[Exercise material]

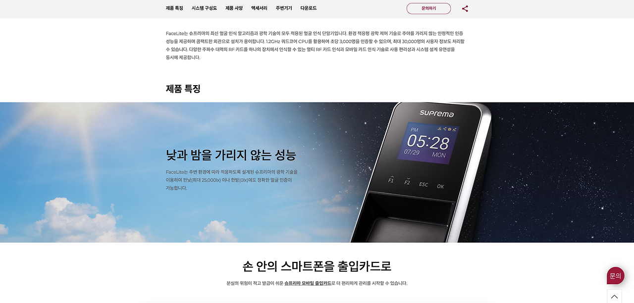 바이오인식 기술을 통해 다양한 제품과 솔루션을 제공하는 기업이다. 근태관리, 지문인식기 등으로 유명한데 최근에는 코로나 시국에 발맞춰 비접촉 발열감지기도 내놓은 것 같다. 이 사이트의 특징은 전문적이고 복합적인 기능을 가진 제품을 웹에서 잘 설명해주고 있다는 것이다. 애플같이 다양한 CSS기능을 통해서 보여준 건 아니지만 참고할 부분이 있는 것은 확실하다.
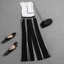 欧洲站夏装女装2017新款欧货潮气质阔腿裤套装洋气时髦两件套3588
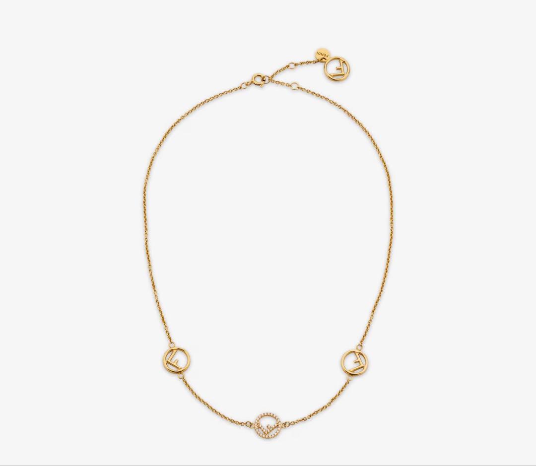 Fendiのロゴモチーフが特徴のゴールドトーンネックレス。
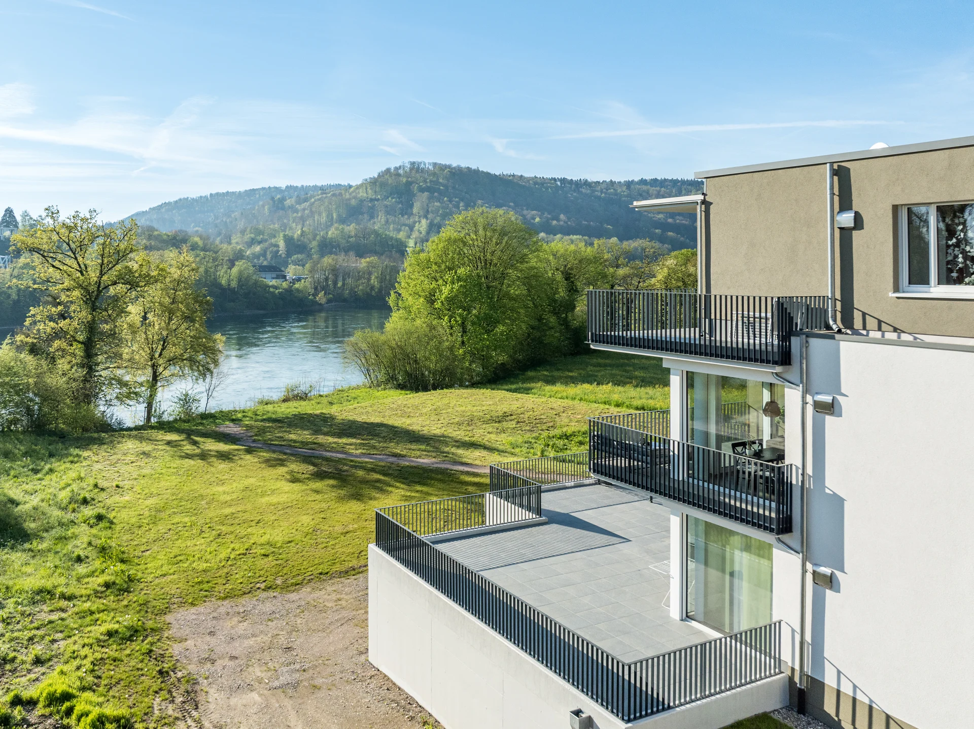 Sie sehnen sich nach Ruhe und einem schönen Blick ins Grüne? Dann sind Sie hier genau richtig. Das Projekt befindet sich in einer einmaligen Lage direkt am Rhein. Der unverbaubare Blick über den eigenen Park hinweg, auf den Rhein und in die Schweiz ist einmalig.
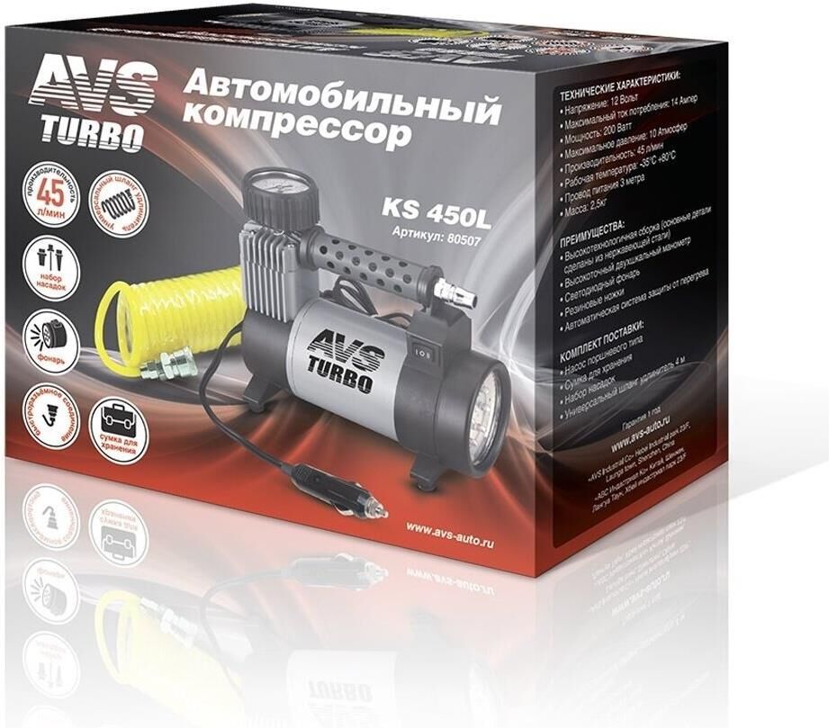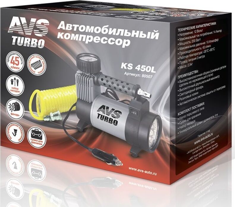 Автомобильный компрессор AVS "KS450L" предназначен для накачки воздухом шин легковых и коммерческих автомобилей. Рабочее напряжение компрессора - 12В. Высокая производительность делает возможным более широкое применение. Автомобильный компрессор может быть использован для накачки мячей, матрасов, проведения покрасочных работ. Максимальный ток потребления: 14 А Напряжение: 12 В Мощность: 200 W Максимальное давление: 10 Атм. Производительность: 45 л/мин Рабочая температура: от -35°С до +80°С Длина кабеля: 3 м Масса: 2.5 кг Комплектация: Компрессор Набор насадок Сумка для хранения Шланг удлинитель 5 м
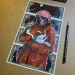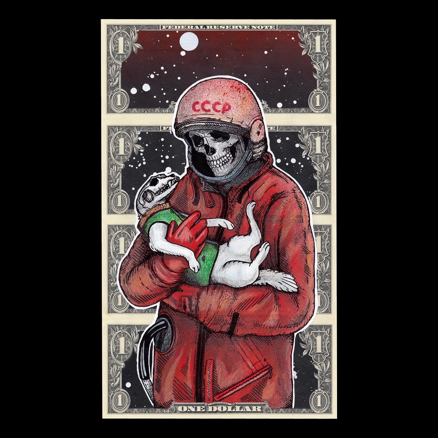 Spray paint, pencil, and ink on 4 x $1’s
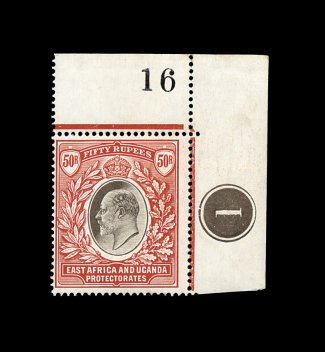 2074 nh 30A image#30A, 1904 50R Orange brown and black, an impressive top right corner sheet-margin plate no. 1 single with control number, exceptionally fresh with bright white chalky paper, rich sumptuous colors, centered a bit to the left, o.g., stamp is never hinged, being hinged in selvage only, very fine (S.G. #33; for hinged £1,300). (Image) for hinged 1,200.00
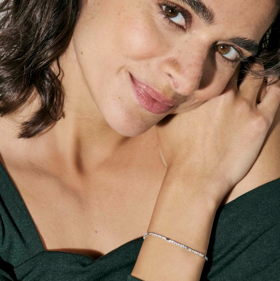 Elevate your style with the Petit Sparkle Tennis Bracelet, crafted from radiant 18k gold plated sterling silver and adorned with shimmering white cubic zirconia stones. This delicate yet striking accessory adds a timeless sparkle to any outfit, perfect for both everyday wear and special occasions.

[/Exercise material]

> **The task**: Could you repeat, exactly and with nothing added, the lines from the top of the entries above through the line that holds "Sie sehnen sich", leaving out any pictures?

> **Answer to this exercise**:
 바이오인식 기술을 통해 다양한 제품과 솔루션을 제공하는 기업이다. 근태관리, 지문인식기 등으로 유명한데 최근에는 코로나 시국에 발맞춰 비접촉 발열감지기도 내놓은 것 같다. 이 사이트의 특징은 전문적이고 복합적인 기능을 가진 제품을 웹에서 잘 설명해주고 있다는 것이다. 애플같이 다양한 CSS기능을 통해서 보여준 건 아니지만 참고할 부분이 있는 것은 확실하다.
 欧洲站夏装女装2017新款欧货潮气质阔腿裤套装洋气时髦两件套3588
 Fendiのロゴモチーフが特徴のゴールドトーンネックレス。
 Sie sehnen sich nach Ruhe und einem schönen Blick ins Grüne? Dann sind Sie hier genau richtig. Das Projekt befindet sich in einer einmaligen Lage direkt am Rhein. Der unverbaubare Blick über den eigenen Park hinweg, auf den Rhein und in die Schweiz ist einmalig.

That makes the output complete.